By Cahill’s Ill. St. 1921, ch. 122, ¶ 137, subd. 5, boards of education are empowered to buy or lease one or more sites for schoolhouses with the necessary grounds, but it is provided that it shall not be lawful for such boards to purchase or locate a schoolhouse site, or to purchase, build or move a schoolhouse, unless authorized by a majority of all the votes cast at an election called for such purpose.

In the construing of statutes the main object is to arrive at the legislative intention which is to be ascertained from a consideration of the entire act itself, its nature, its object and the consequence, which would result from construing it one way or the other. Blattner v. Dietz, 311 Ill. 445. The object of the enactment of the statutes in question was an attempt on the part of the Legislature to carry out the provision of the Constitution which provides that the General Assembly shall provide a thorough and efficient system of free schools, whereby all children of this State may receive a good common school education. Const. 1870, Art. 8, sec. 1. The primary purpose of the maintenance of the common school system is the promotion of the general intelligence of the people constituting a body politic, and thereby to increase the usefulness and efficiency of the citizens, on which the government of society depends. Bissell v. Davison, 65 Conn. 183, 32 Atl. 348; Ransom v. Rutherford County, 123 Tenn. 1, 130 S. W. 1057.

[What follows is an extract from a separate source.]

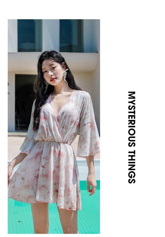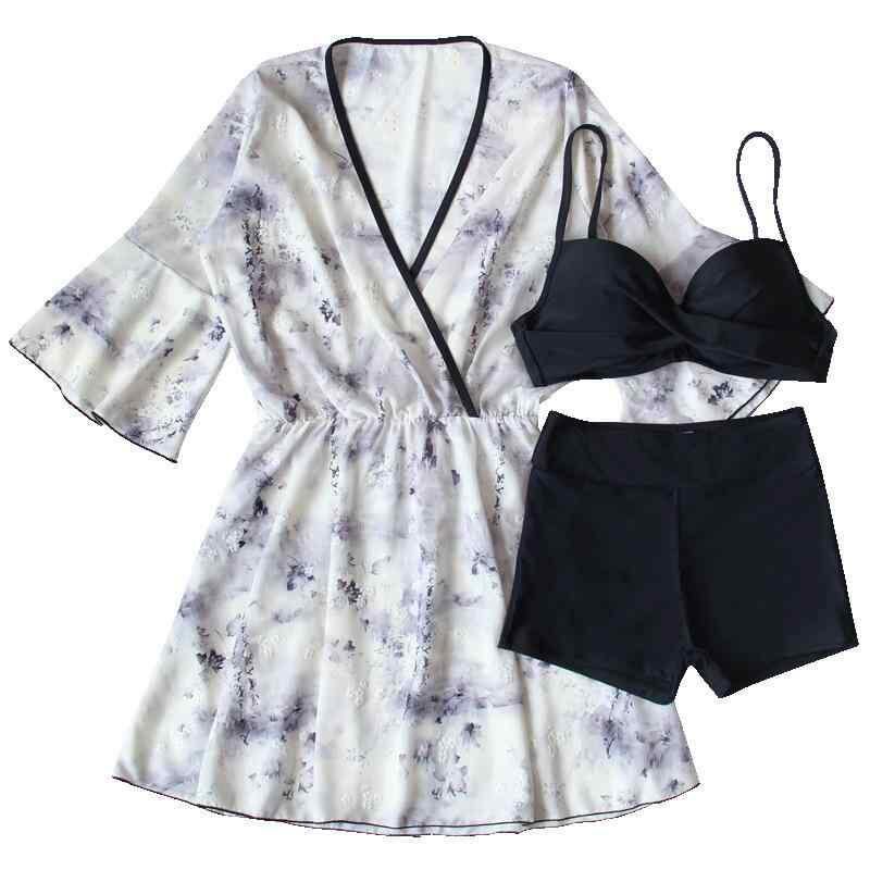 水着 レディース スイムウェア プラスサイズ セクシー セパレート ビキニ 夏用 温泉 ハイウエスト 体型カバー 着痩せ 3点セット 花柄 ワイヤー入り パッド入り

The precise question involved in this case has never been directly passed upon by the Supreme Court of this State, but that court has frequently held that no election is required to be held to authorize the levy of a tax for building purposes under the section above quoted. People v. Hassler, 262 Ill. 133; People v. Chicago & A. R. Co., 257 Ill. 208; People v. Bell, 309 Ill. 387. In the latter case it was said: “The authority to levy a tax for building purposes is intended to provide for the needs of the district for building, repairing and improving the school house and property for the ensuing year.”

Wherever the evidence shows that a building has been erected in the district, or that the erection of a building was contemplated, a tax levied for building purposes will be upheld. People v. Elgin, J. & E. R. Co., 255 Ill. 269.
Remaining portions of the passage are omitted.